Apart from the fact that, as long as denominators are not zero, the formal definition of fractions is that the two equations are equivalent, we have: \begin{align} \frac{154}{3.2-x} &= \frac{66}{1.6-x}\\ \frac{154}{3.2-x}\cdot (1.6 - x)& = \frac{66}{1.6-x}\cdot (1.6 - x)\\ \frac{154}{3.2-x}\cdot (1.6 - x) &= \frac{66}{\color{red}{(1.6-x)}}\color{red}{\cdot (1.6 - x)}\\ \frac{154}{3.2-x}\cdot (1.6 - x) &= 66\\ \frac{154}{3.2-x}\cdot (1.6 - x)\cdot(3.2-x) &= 66\cdot(3.2 - x)\\ \frac{154}{\color{red}{(3.2-x)}}\cdot (1.6 - x)\cdot\color{red}{(3.2-x)} &= 66\cdot(3.2 - x)\\ 154\cdot (1.6 - x) &= 66\cdot(3.2 - x) \end{align} where all the red parts cancel eachother.

• Thank you, makes sense now! – James Feb 28 '14 at 10:31

The simplified equation is reached by two performing two steps.
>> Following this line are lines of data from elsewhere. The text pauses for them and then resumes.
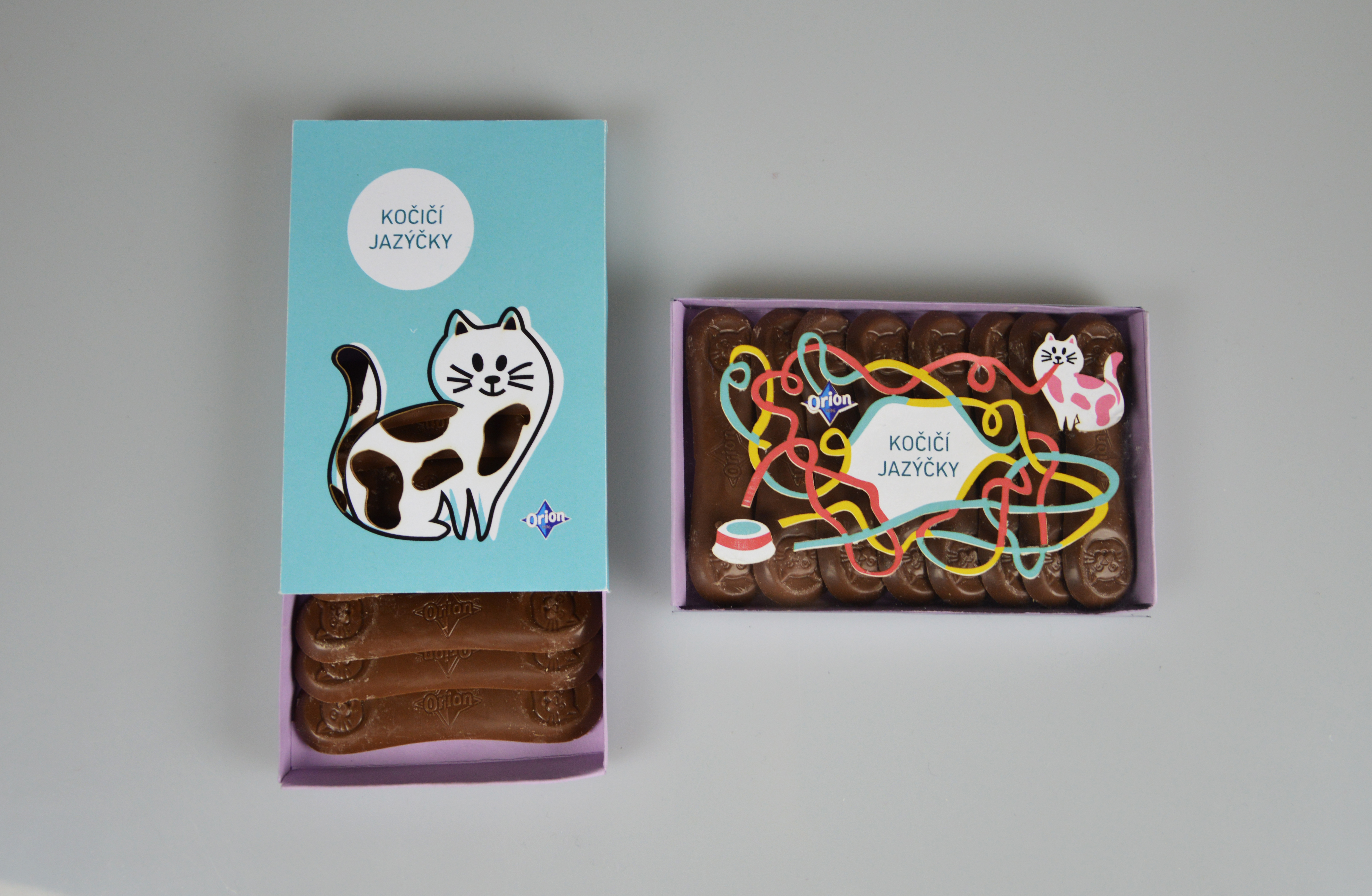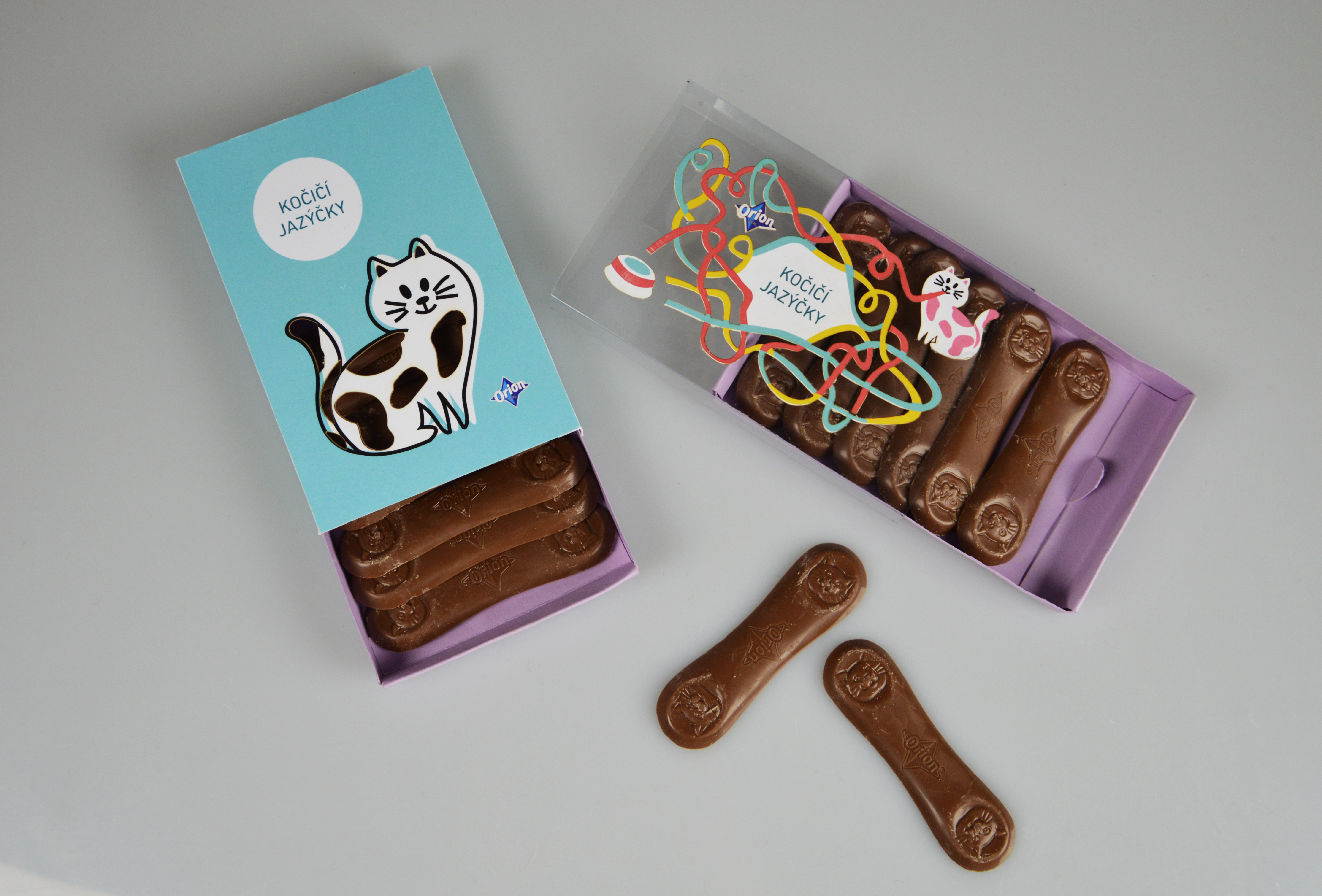 Redizajn obalu pre Kočičí jazýčky v dvoch variantách, pre deti a pre dospelých.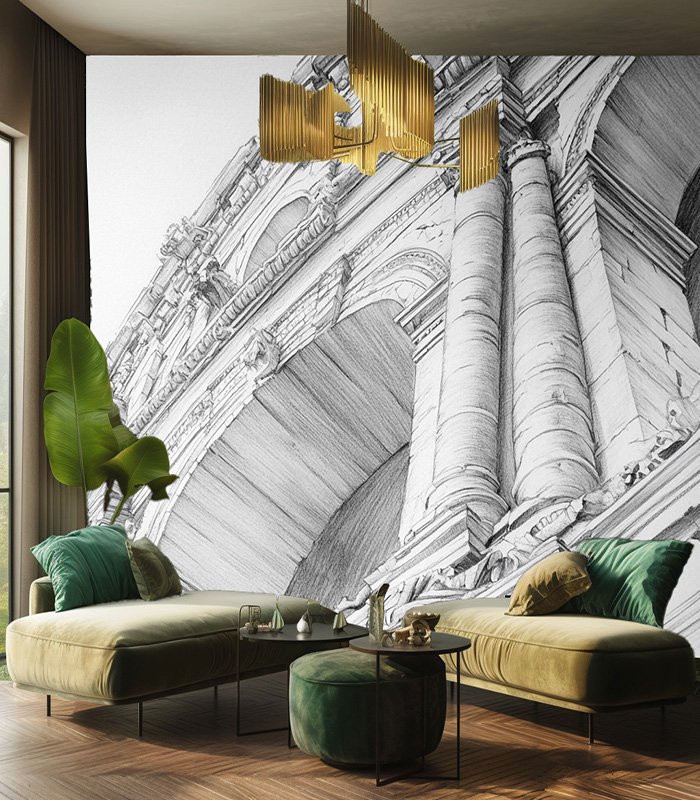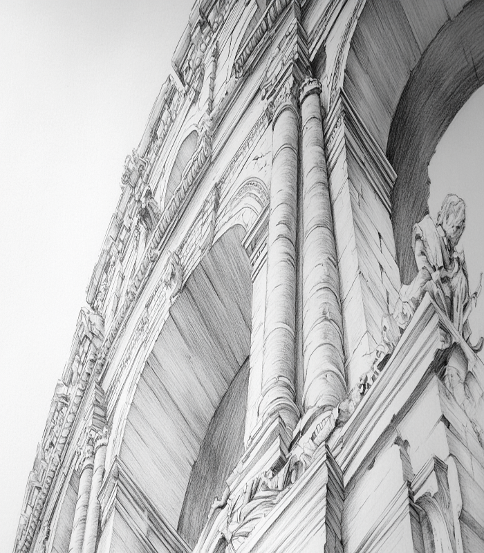 Intricate pencil sketch of a classical architectural facade, showcasing detailed columns and sculptures, capturing the grandeur and elegance of historical design.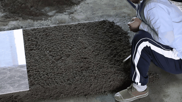 使用水泥和细沙,加水调成砂浆,在铺贴位置打底,将瓷砖放置在对应位置,使用橡胶锤敲平,随后取下瓷砖,在瓷砖背面刷一层纯水泥浆,用灰刀刮抹,最后将瓷砖放回垫高层。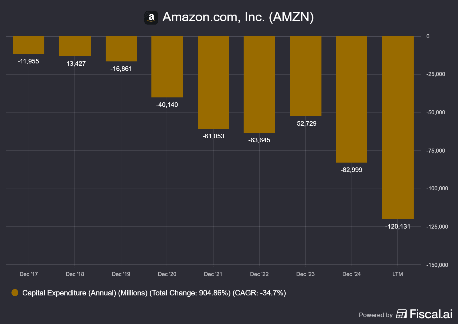 Vývoj Capexů u Amazonu v průběhu let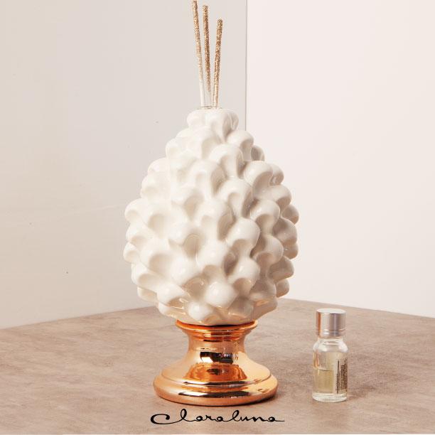 Bomboniera matrimonio Claraluna 2023 profumatore pigna bianca con piede oro grande il tutto in porcellana, inclusa di stecche dorate e profumo

Firstly we multiply both sides of the equation by $(3.2 - x)$:

$$(3.2 - x) * \frac{154}{3.2 - x} = \frac{66}{1.6 - x} * (3.2 - x) \\ \frac{3.2 - x}{3.2 - x} * 154 = \frac{66}{1.6 - x} * (3.2 - x) \\ 154 = \frac{66}{1.6 - x} * (3.2 - x)$$

We got rid of both of the $(3.2 - x)$'s on the left hand side since $\frac{3.2 - x}{3.2 - x} = 1$ (any number divided by itself is one e.g. $\frac{3}{3} = 1$ with the exception of $0$ as $\frac{0}{0}$ is undefined). Now repeat this whole sequence except with the $(1.6 - x)$:

$$(1.6 - x) * 154 = \frac{66}{1.6 - x} * (3.2 - x) * (1.6 - x) \\ (1.6 - x) * 154 = 66 * (3.2 - x) * \frac{1.6 - x}{1.6 - x} \\ 154 * (1.6 - x) = 66 * (3.2 - x)$$

Note that you could have multiplied by both sides by $(1.6 - x)$ as the first step then $(3.2 - x)$ as the second step and you would have arrived at the same result.